What you will do -
Please write out the listing exactly, leaving each picture out.

---------- Raw data

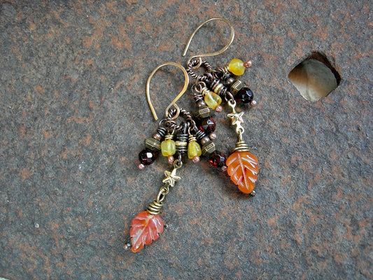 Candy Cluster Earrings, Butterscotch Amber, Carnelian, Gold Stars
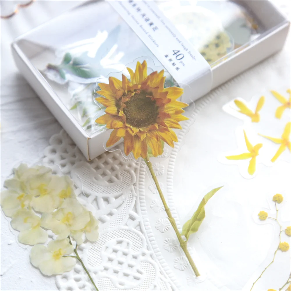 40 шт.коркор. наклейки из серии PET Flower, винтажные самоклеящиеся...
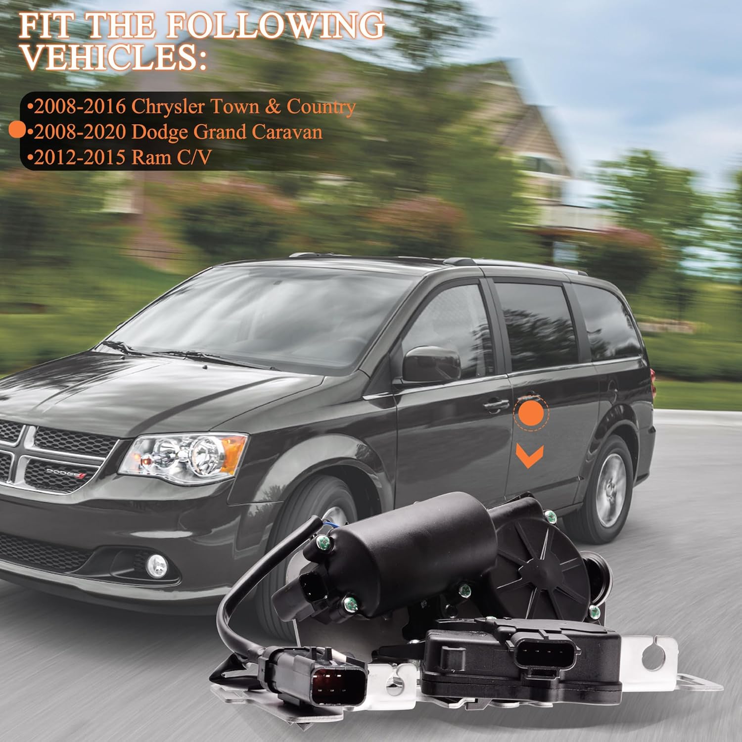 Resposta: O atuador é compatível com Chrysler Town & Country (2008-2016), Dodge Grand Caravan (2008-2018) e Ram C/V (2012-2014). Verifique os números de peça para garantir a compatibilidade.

--------------------

Answer section -
 Candy Cluster Earrings, Butterscotch Amber, Carnelian, Gold Stars
 40 шт.коркор. наклейки из серии PET Flower, винтажные самоклеящиеся...
 Resposta: O atuador é compatível com Chrysler Town & Country (2008-2016), Dodge Grand Caravan (2008-2018) e Ram C/V (2012-2014). Verifique os números de peça para garantir a compatibilidade.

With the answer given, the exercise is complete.